** Activity **
Shown below are entries with pictures; the line with "露营是一种让人与自然亲密接触" through the line with "The sensor installed horizontally" is the span to retype exactly, and the pictures stay out.

Collection entries:

------------------------------------------------

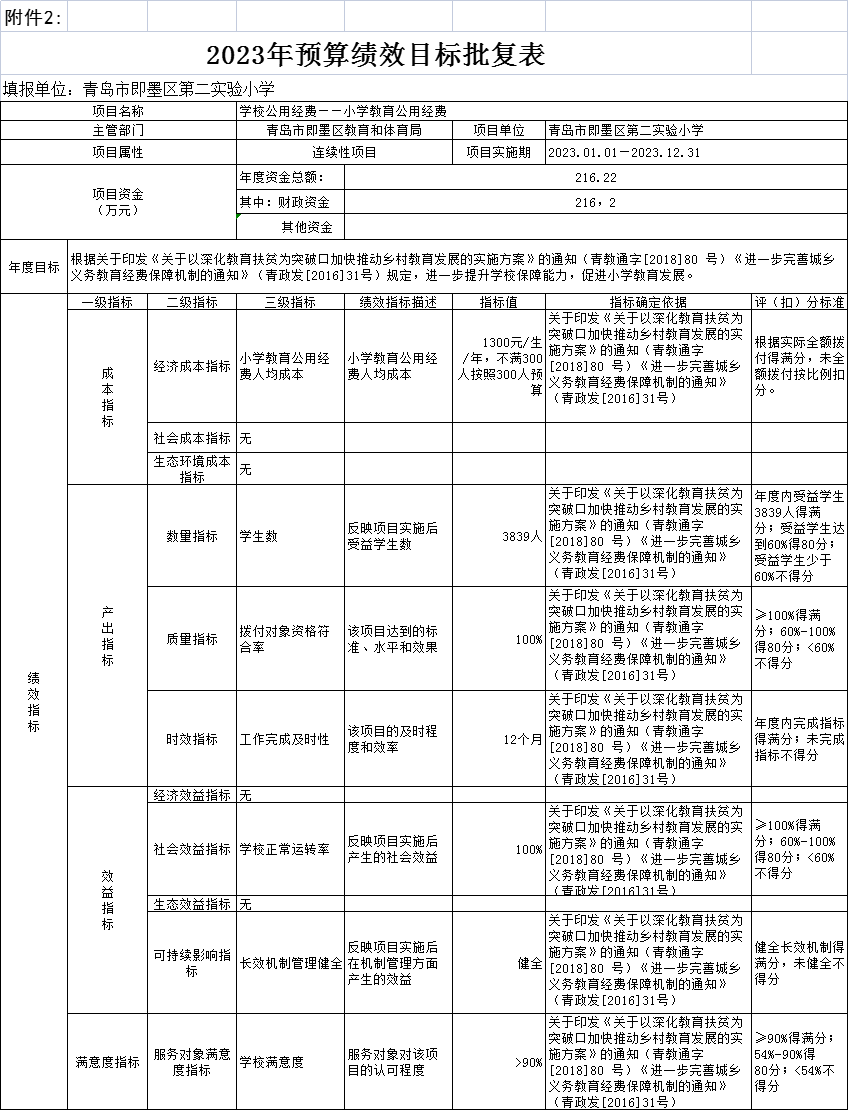 学校公用经费——小学教育公用经费项目:绩效目标情况根据关于印发《关于以深化教育扶贫为突破口加快推动乡村教育发展的实施方案》的通知(青教通字[2018]80 号)《进一步完善城乡义务教育经费保障机制的通知》(青政发[2016]31号)规定,进一步提升学校保障能力,促进小学教育发展。含项目概况、立项依据关于印发《关于以深化教育扶贫为突破口加快推动乡村教育发展的实施方案》的通知(青教通字[2018]80 号)《进一步完善城乡义务教育经费保障机制的通知》(青政发[2016]31号)、实施主体青岛市即墨区第二实验小学、实施周期2023年1月1日-12月31日、年度预算安排5874.37万元、绩效目标进一步提升学校保障能力,促进小学教育发展。包括成本、产出、效益、满意度等指标指标。根据实际全额拨付得满分,未全额拨付按比例扣分。年度内受益学生3839人得满分;受益学生达到60%得80分;受益学生少于60%不得分≥100%得满分;60%-100%得80分;<60%不得分年度内完成指标得满分;未完成指标不得分≥100%得满分;60%-100%得80分;<60%不得分健全长效机制得满分,未健全不得分≥90%得满分;54%-90%得80分;<54%不得分。
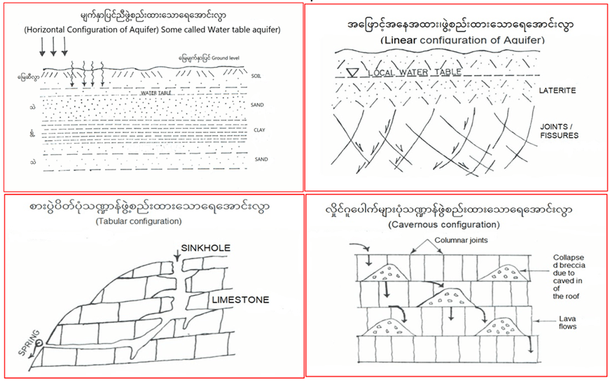 ၄။ မြေအောက်ရေအောင်းလွှာ ဖြစ်တည်ဖွဲ့စည်းပုံ၊ သိုလှောင်ထားရှိပုံ ယေဘုယျ ပုံပန်းသဏ္ဍန်ကို သိထားဖို့ လိုပါသည်။
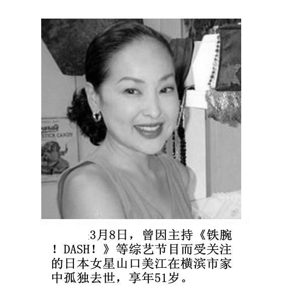 據(jù)日本媒體報道,女星山口美江3月8日在橫濱市家中孤獨死去,享年51歲。她因拍攝廣告、主持《鐵腕!DASH!》等綜藝節(jié)目而受關(guān)注,還與很多名人傳出過戀情,不過1996年她因自殺未遂精神不安定,因此退出了演藝圈,之后又照顧生病的父親,一生經(jīng)歷很多辛苦。
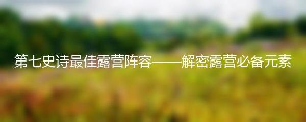 露营是一种让人与自然亲密接触的活动,同时也是缓解都市生活压力的最佳选择。如何组建一支最佳的露营阵容,成为了每个户外爱好者都十分关注的问题。下面将为大家介绍第七史诗中最佳的露营阵容,希望能够给各位带来一些灵感。
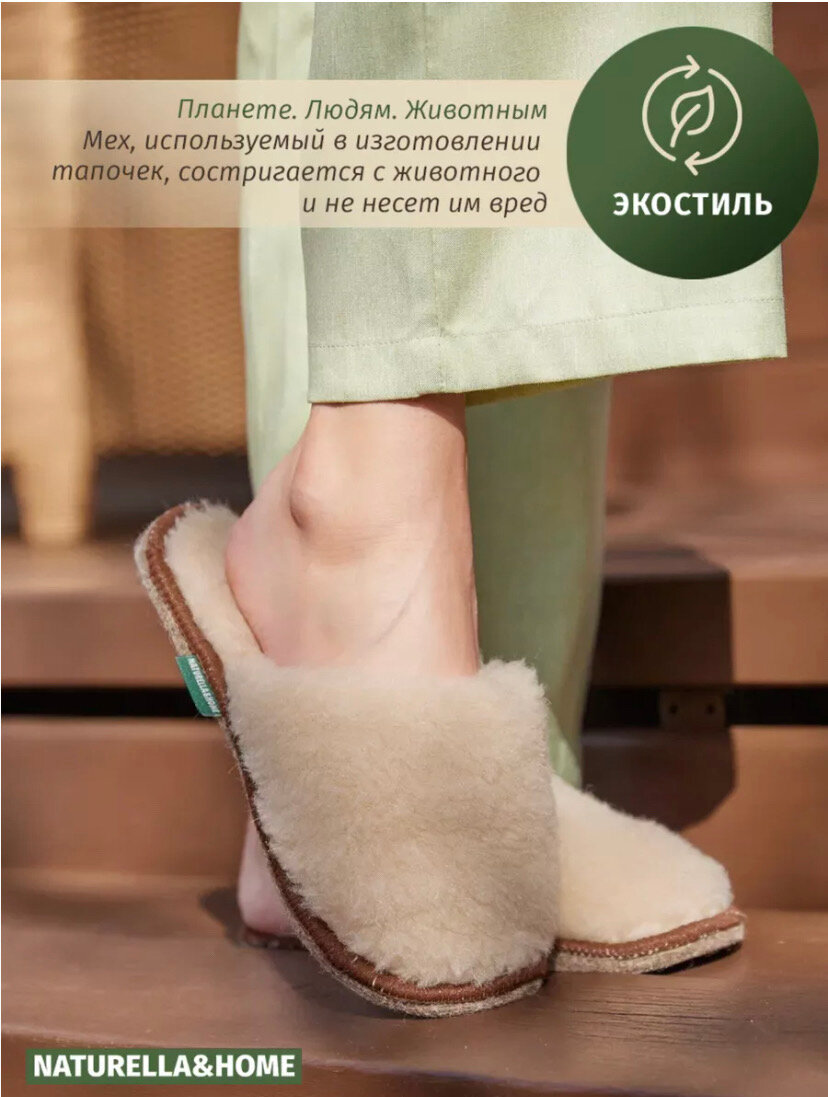 Отзывы на Тапочки домашние из овечьей шерсти на подошве из войлока, тапки меховые плюшевые, Naturella&Home, 39-40
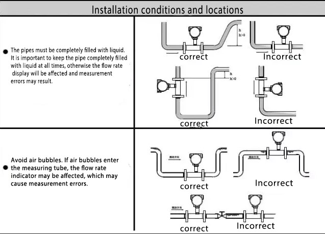 The sensor installed horizontally of the turbine flowmeter requires that the pipeline should have no observable tilt (within 5 deg;). The vertical deviation of the sensor installed vertically should be less than 5 deg;, and the fluid direction should be downward and upward.
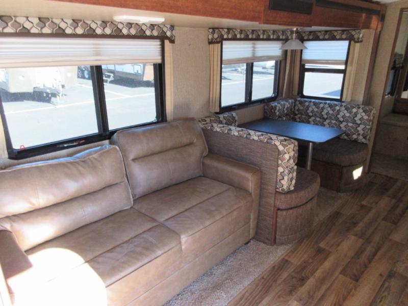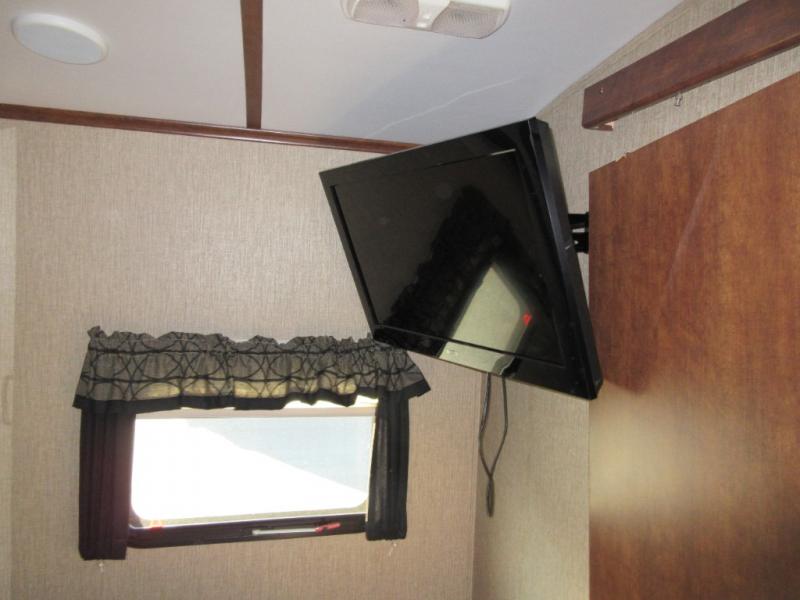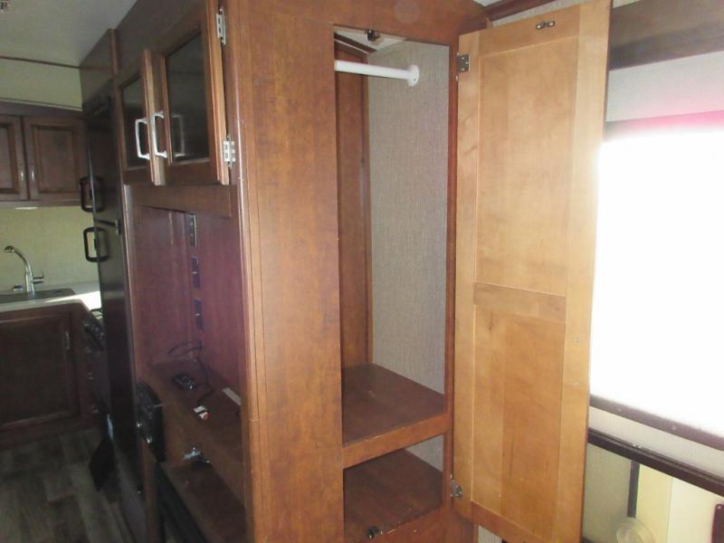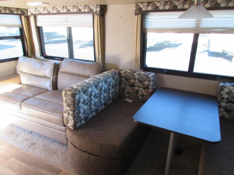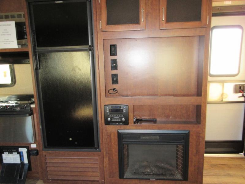 The main living and kitchen combined area includes a single slide out sofa sleeper and booth dinette providing more floor space, seating, and extra sleeping space when needed. On the opposite side you can enjoy the entertainment center with optional fireplace below, and entry closet. Next you will find a refrigerator, three burner range, corner countertop space, and a large kitchen sink. There are overhead cabinets for your dishes and things as well.
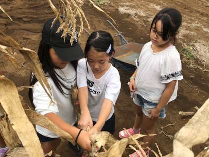 本日の6校時、井上さんの畑でとうもろこしの収穫を行いました。本来であれば4月に種蒔きから始める学習ですが、残念ながら今年は収穫のみとなってしまいました。そのような状況でしたが、子供たちは意欲的に収穫に取り組み、「これがポップコーンになるの?」、「これカッチカチ!すごくかたいよ。」、「でも、においは、いいね。」など実際に触れてみて、たくさんのことに気付くことができました。本日、収穫したとうもろこしを持ち帰っています。是非、ご家庭でおいしいポップコーンをお食べください。
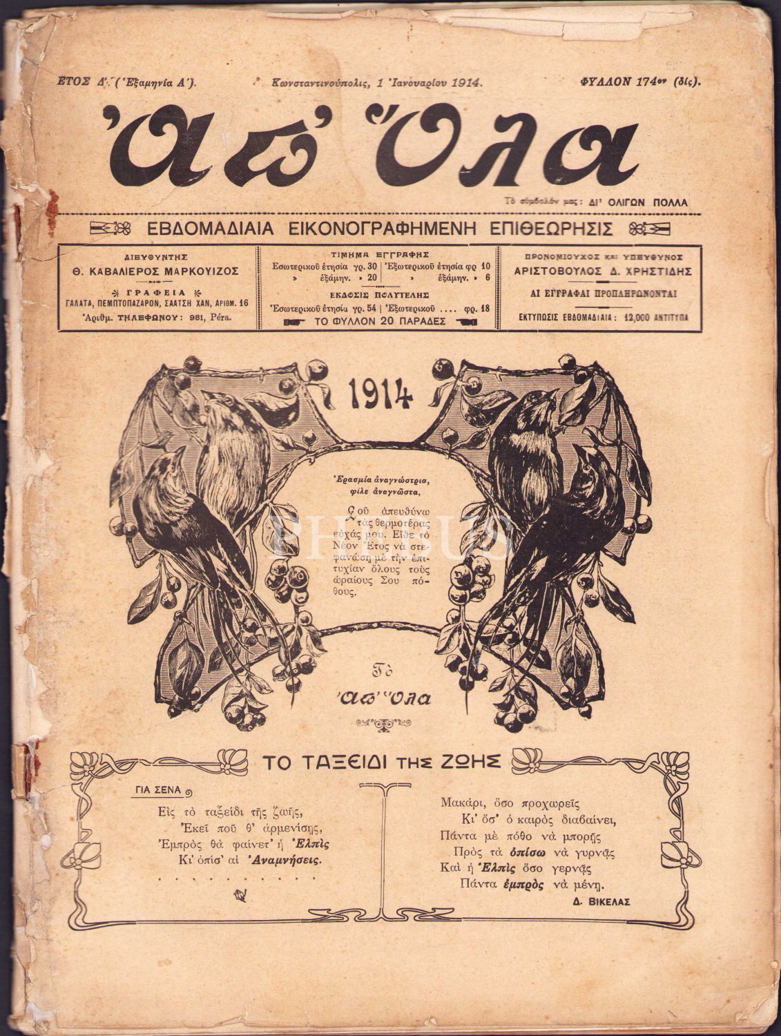 1914 tarihli İstanbul baskı Rumca gazete cildi, kenarları haliyle, 25x34 cm
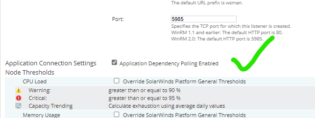 I'm noticed something unusual a while back and I am stumped. I made a nice map of our SolarWinds platform including the MPE, 3 APE and our SW SQL Server. The simple map was only the five nodes and the SAM templates for MPE and APE. When I first created it I enabled Application Dependency Polling and all my map elements were connected with throughput and latency metrics. I was happy. Fast forward several months and now only two of the elements are connected. When I check the node settings to see if the Application Dependency Polling is enabled I find that the setting is missing on all the nodes but one. Does anyone know why they are missing and how to bring them back?
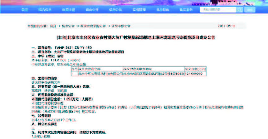 中環(huán)長(cháng)青確定的2021年工作目標是“打造明星產(chǎn)品,做好知名服務(wù)、提升增值業(yè)務(wù)”;在“土壤、固廢、危廢、場(chǎng)地修復”這一環(huán)境保護技術(shù)領(lǐng)域的細分市場(chǎng),中環(huán)長(cháng)青始終深耕“土壤、固廢、危廢、場(chǎng)地修復”綜合服務(wù),持續的技術(shù)積累和咨詢(xún)、檢測、治理修復類(lèi)項目的快速完結,為中環(huán)長(cháng)青樹(shù)立了良好行業(yè)形象,取得市場(chǎng)口碑。近日,通過(guò)招投標比選:北京中環(huán)長(cháng)青環(huán)境科技有限公司中標農業(yè)農村局復墾新增耕地土壤環(huán)境場(chǎng)地調查項目,再獲得土壤場(chǎng)地調查類(lèi)項目定單。
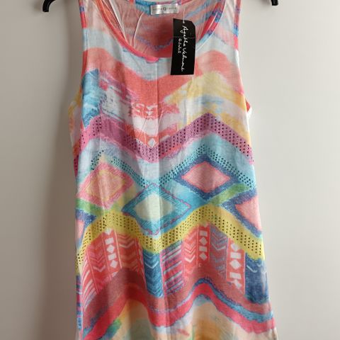 Todella erikoinen farkkukankaalta näyttävä pukeutumispaita, ostettu Espanjasta tavaratalosta. Jäänyt miltei käyttämättä vaatepaljouden takia. Ihana kevyt materiaali, vähän muuta kuin perus t-paidat. Hienoja aksentteja, täynnä erivärisiä strasseja ja kimalletta. Ei varmasti tule toista samanlaista vastaan. Polyester 95 % ja ripaus elastaania (5 %), joten mahtava matkavaate (ei rypisty!)
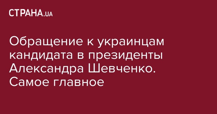 Обращение к украинцам кандидата в президенты Александра Шевченко. Самое главное
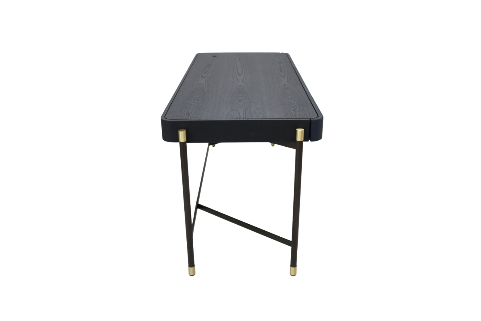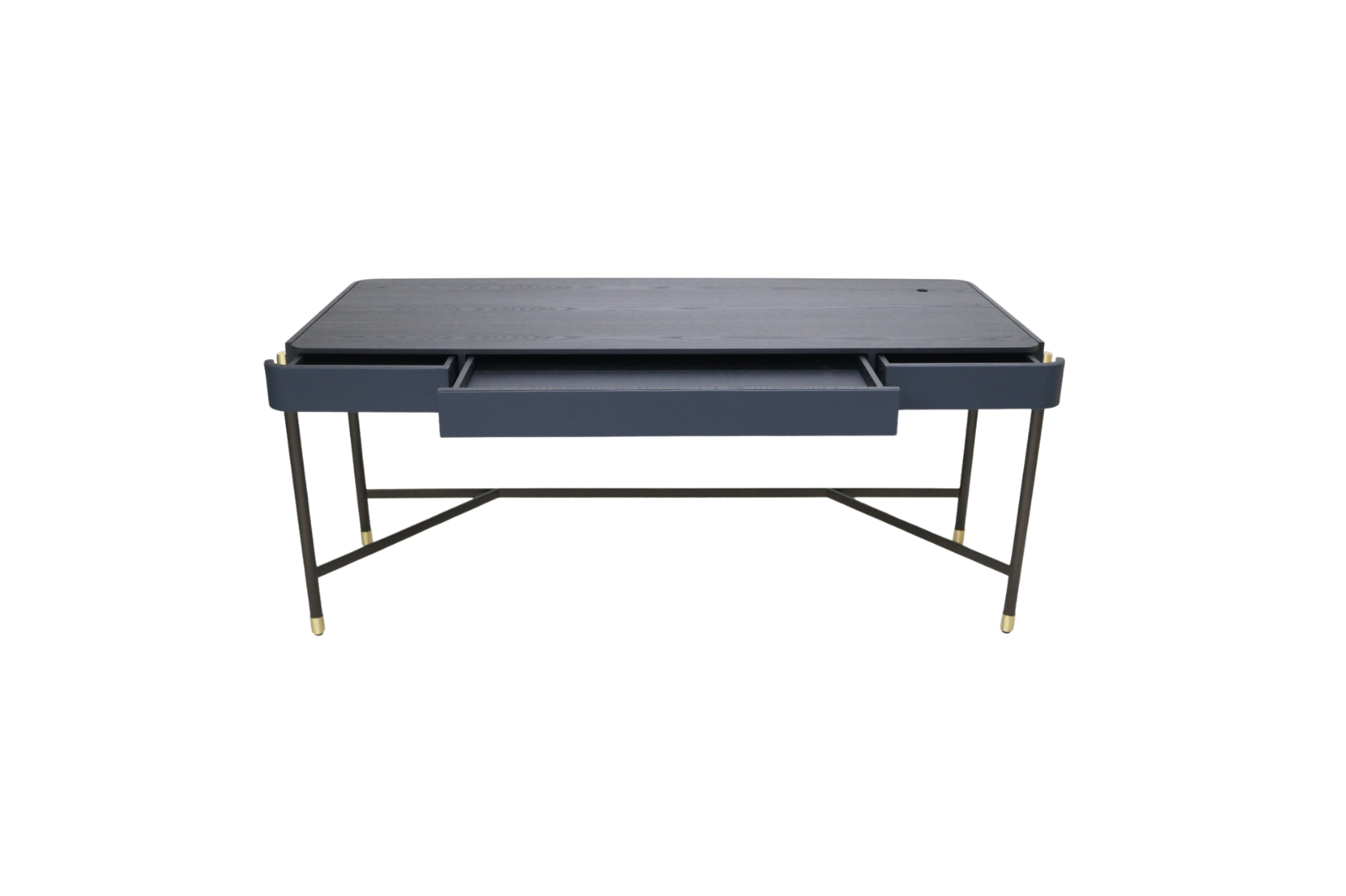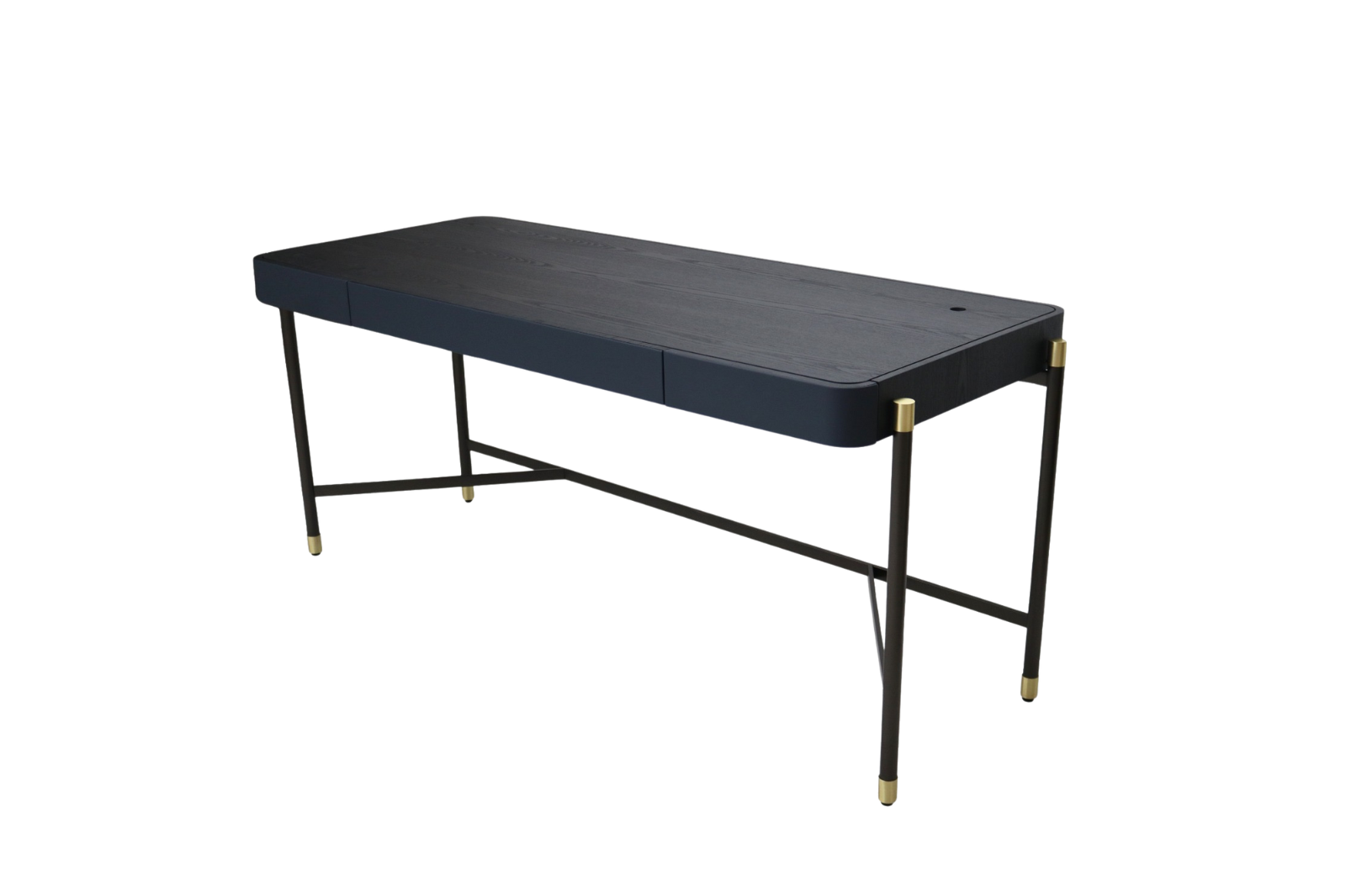 A modern expression of elegance, the Whitmore Desk blends tailored craftsmanship with architectural simplicity. Accented with refined metallic details, its slender profile and sleek surface create a sophisticated focal point for any elevated workspace. Designed to inspire productivity in the most discerning interiors.

------------------------------------------------

** Reply **
 露营是一种让人与自然亲密接触的活动,同时也是缓解都市生活压力的最佳选择。如何组建一支最佳的露营阵容,成为了每个户外爱好者都十分关注的问题。下面将为大家介绍第七史诗中最佳的露营阵容,希望能够给各位带来一些灵感。
 Отзывы на Тапочки домашние из овечьей шерсти на подошве из войлока, тапки меховые плюшевые, Naturella&Home, 39-40
 The sensor installed horizontally of the turbine flowmeter requires that the pipeline should have no observable tilt (within 5 deg;). The vertical deviation of the sensor installed vertically should be less than 5 deg;, and the fluid direction should be downward and upward.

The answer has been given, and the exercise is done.